Rankine met MacKenzie in Edinburgh in the mid-1970s. “We clicked immediately,” Rankine says. “It was fairly obvious that Bill was gay or bisexual or whatever but it wasn’t part of our vocabulary. It never came up.”
The duo made an impression with a cheeky unauthorised cover of Bowie’s Boys Keep Swinging single a few weeks after its release. It got attention. Their first album The Affectionate Punch got them more.
The record sounded – sounds – fresh and European, a new refraction of Berlin-era Bowie. They were of their time and yet slightly outside it.
“There’s punk and post-punk. There’s new wave and new romantic,” Rankine suggests, “and we just don’t fit anywhere.
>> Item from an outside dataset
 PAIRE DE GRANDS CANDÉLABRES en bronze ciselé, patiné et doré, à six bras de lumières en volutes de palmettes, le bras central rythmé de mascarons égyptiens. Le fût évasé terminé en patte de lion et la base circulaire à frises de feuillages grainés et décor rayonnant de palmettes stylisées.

We just slip through the cracks of everything.”
Fourth Floor Down - a gather-up of singles and B sides, by turns sumptuous and needling – continued the European experimentalism but by the time they came to the efflorescence of Sulk they were fully embracing their pop sensibilities.
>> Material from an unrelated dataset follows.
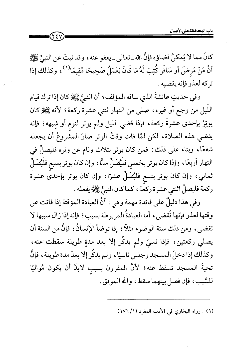 وفي حديث عائشة الذي ساقه المؤلف؛ أن النبي صلى الله عليه وسلم كان إذا ترك القيام الليل من وجع أو غيره، صلى من النهار ثنتي عشرة ركعة، لأنه صلى الله عليه وسلم كان يوتر بإحدى عشر ركعة، فإذا قضي الليل ولم يوتر لنوم أو شبهه؛ فإنه يقضي هذه الصلاة، لكن لما فات وقت الوتر صار المشروع أن يجعله شفعاً، بناء على ذلك: فمن كان يوتر بثلاث ونام عن وتره فليصل في النهار أربعاً، وإذا كان يوتر بخمس فليصل ستاً، وإن كان يوتر بسبع فليصل ثماني، وإن كان يوتر بتسع فليصل عشراً، وإن كان يوتر بإحدى عشرة ركعة فليصل اثنتي عشرة ركعة، كما كان النبي صلى الله عليه وسلم يفعله.

They became exemplars of what the music press designated “new pop” – post-punk entryism that sought both to embrace and critique the hit single. But even then, when they were appearing on Top of the Pops, Rankine suggests, they stood a little to the side.
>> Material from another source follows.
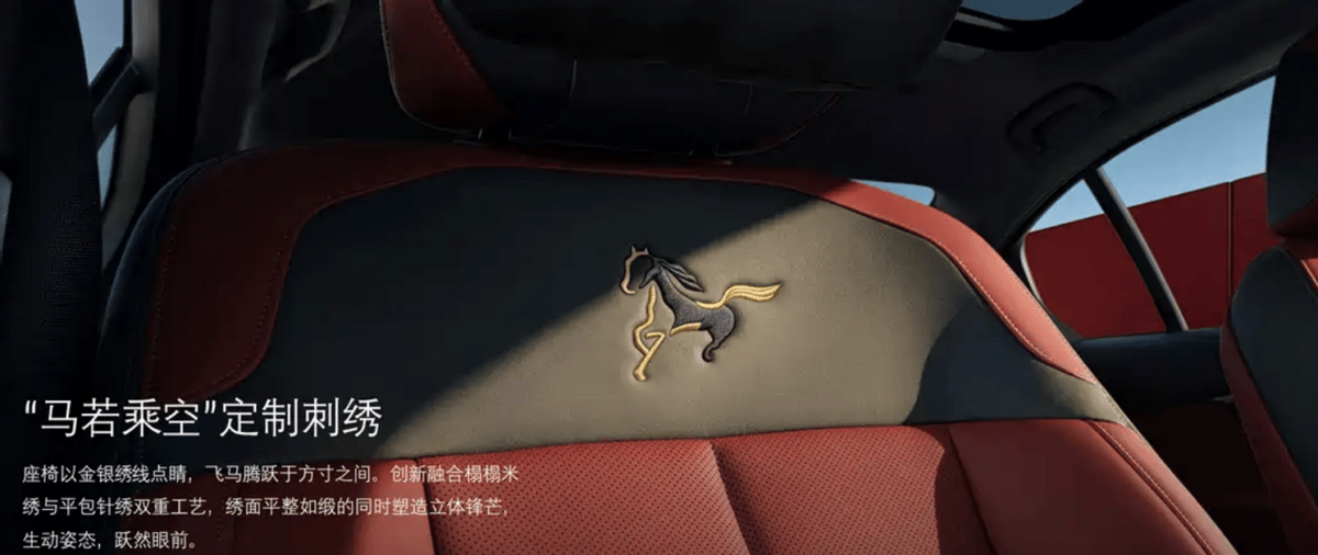 相较于普通版,马年版新车融入马年专属元素,例如首次引入个性化定制磨砂宝石青车漆,搭配熏黑设计轮圈。内饰方面,其前排座椅头枕和靠背上有不同的跃马刺绣图案,以及专属的迎宾踏板,仪式感拉满。

“We didn’t fit in with the showiness of the Durannies. We saw ABC before they were produced by Trevor Horn, but once Trevor got his hands on them it was a very polished pop sound and they’ve got simple lyrics. We don’t have simple lyrics. We have lyrics that are just out there.”
That’s why, he says with some regret, Associates songs don’t turn up in ads these days.
Still, Party Fears Two made the top ten. They had a world tour lined up and were booked into Robert Palmer’s studio in Nassau for the follow-up to Sulk when MacKenzie walked away.
“When I look back at some of the Top of the Pops,” Rankine says now, “the first two with Party Fears Two, Bill’s enjoying himself. There were two more for Club Country. I can see in Bill’s eyes on the screen the second one he ain’t enjoying it so much. And when we went back with 18 Carat Love Affair Bill’s beginning to take the piss out of the whole thing with his performance. I could see he was getting bored.”
The idea of the tour and the album seems to have been too much for MacKenzie.
“When you start to say this is your next eight months mapped in front of you, I think Bill just said ‘I can’t do that’,” Rankine reckons.
“I went on a bender for five months because it was everything I’d worked for ever since I can remember. I was angry at Bill then but after I totally got it.
“I wish it could have lasted a bit longer but it couldn’t have been any other way.”
MacKenzie retained the Associates name and made more records, some of them very fine, but none of them with the same bravura of those first three albums. “Bill went on using the name but I don’t think he should have because it wasn’t the same animal.”
Rankine went on to make solo albums but as he admits he’s no singer. “I must have conned Virgin out of £90,000 for f**k all. I really do distinctly remember thinking ‘I’m giving this seven months before I get the registered letter saying you’ve been dropped.’ Got it in five.”
Before I leave, Rankine plays me a song Twins of Gemini he wrote with MacKenzie way back when, and recorded a few years ago with the aid of Craig Armstrong and Big Dish singer Stephen Lindsay. A lovely lush thing, it is. The lyrics are, Rankine suggests, definitely about his friend’s sexuality.
“Bill hadn’t had a good time of it being gay in Dundee and not being really able to come out. He could sometimes be incredibly camp and play at it but he was also very masculine as well and he could fight like an absolute devil. Really vicious. He was scary.
“Then you’d get this other side to him when Bill was with his dogs. He never seemed to be relaxed at any other time. He couldn’t turn off. He was always on.”
MacKenzie was a living contradiction. Is that a flaw? Maybe. But you can hear it at play in these three albums. It’s what makes them special. In all their waywardness and beauty. Like Rankine and MacKenzie, maybe you can’t have one without the other.
The new remastered versions of The Affectionate Punch, Fourth Floor Down and Sulk are released on May 13.A double CD, Associates The Best Of, will also be available.